The Database for Annotation, Visualization, and Integrated Discovery (DAVID) was used for Gene Ontology (GO) function enrichment analysis of DEGs. An FDR <0.05 was used as the screening condition. The Kyoto Encyclopedia of Genes and Genomes (KEGG) was used to enrich and analyze the DEGs. An FDR <0.05 was used as the screening condition. The results of enrichment analysis were visualized by the ggplot package in R.

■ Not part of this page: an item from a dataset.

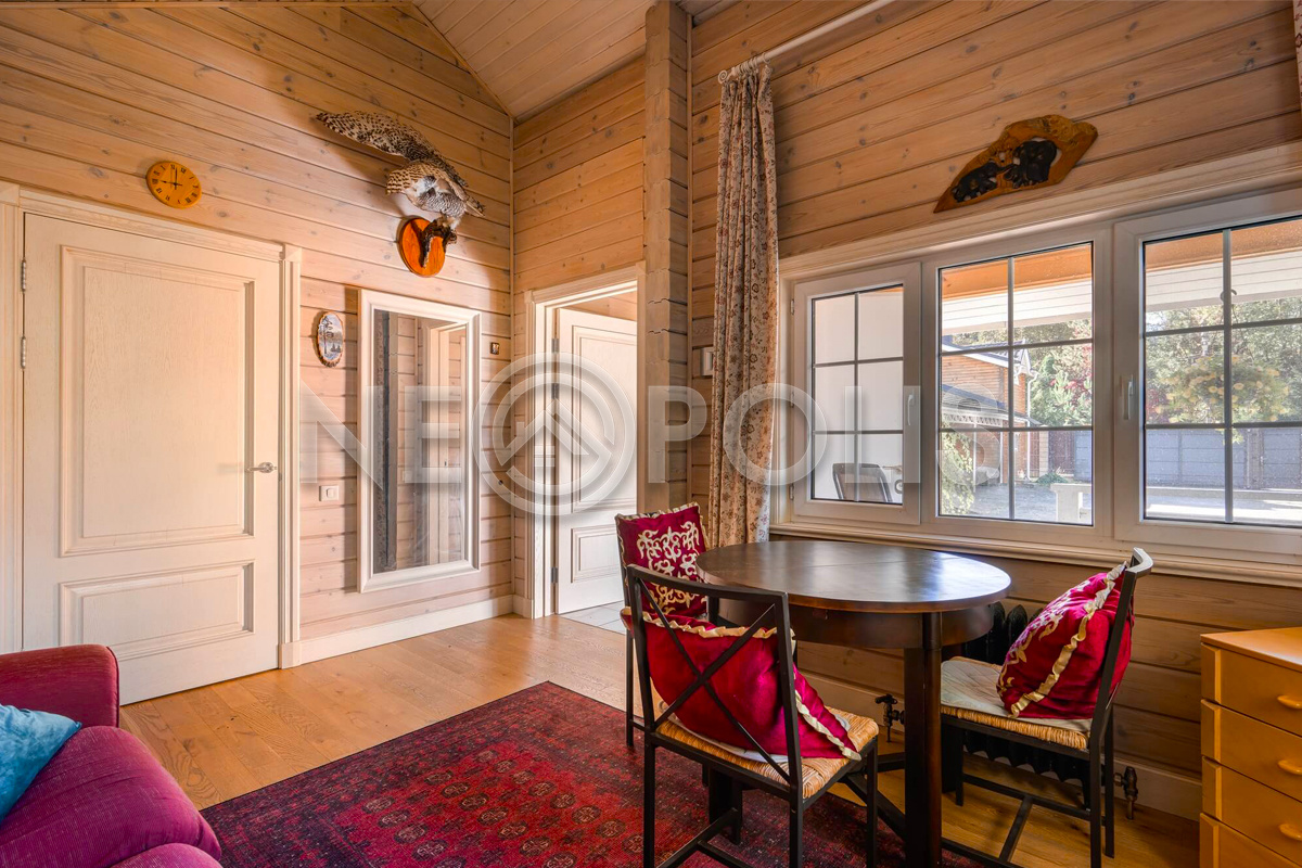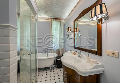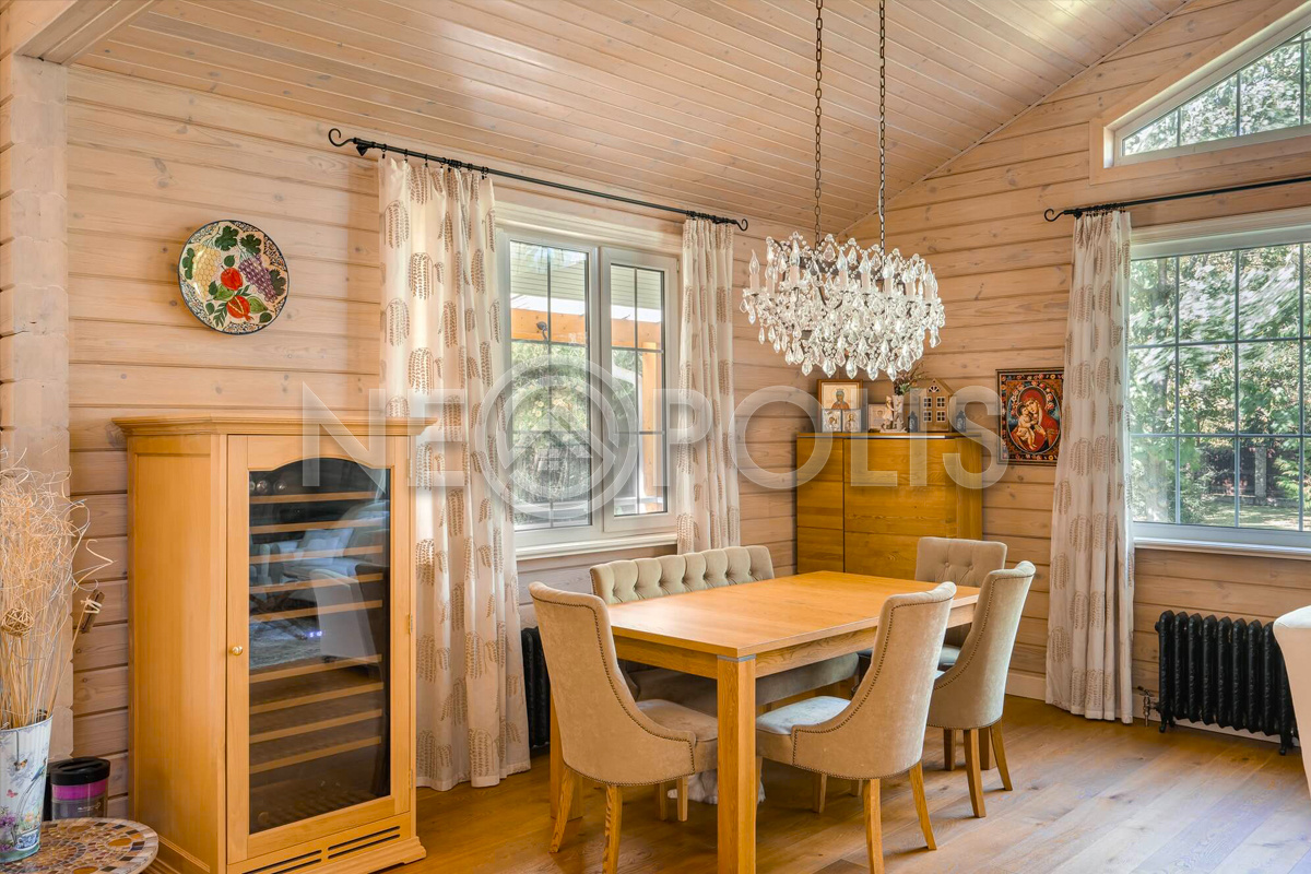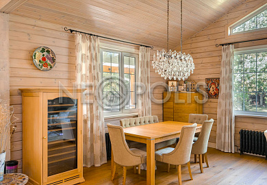 Объект расположен в комфортном для проживания поселке, на благоустроенном участке с видом на лес и ландшафтным дизайном. Полностью готов к круглогодичному проживанию. Отделка выполнена в классическом стиле из дорогих натуральных материалов.

Characteristic gene screening and diagnostic efficacy test

In the DEG set, the random forest algorithm was used to screen the characteristic genes of AML. An ROC curve was used to evaluate the diagnostic efficacy of the selected characteristic genes.

Tumor purity calculation

The stromal score and immune score (IS) of AML samples were calculated based on gene expression by using the Estimation of STromal and Immune cells in MAlignant Tumor tissues using Expression data (ESTIMATE) algorithm. The results represented stromal and immune cells' content in tumor samples, respectively. The sum of the two was indicated by the Estimate score, which could reflect the purity of the tumor. Spearman’s correlation test was used to investigate the relationship between characteristic genes and Estimate score.

Statistical analysis

This study used R software (V3.5.1) and related R packages for statistical analysis. Two-sided P-value <0.05 indicated statistical significance.


Results

DEG screening

In all, 1,494 DEGs were screened between AML and normal samples in this study. A total of 1,181 genes were upregulated (log2FC >2, FDR <0.01) and 313 genes were downregulated (log2FC <−2, FDR <0.01). The heat map of DEGs is shown in Figure 1.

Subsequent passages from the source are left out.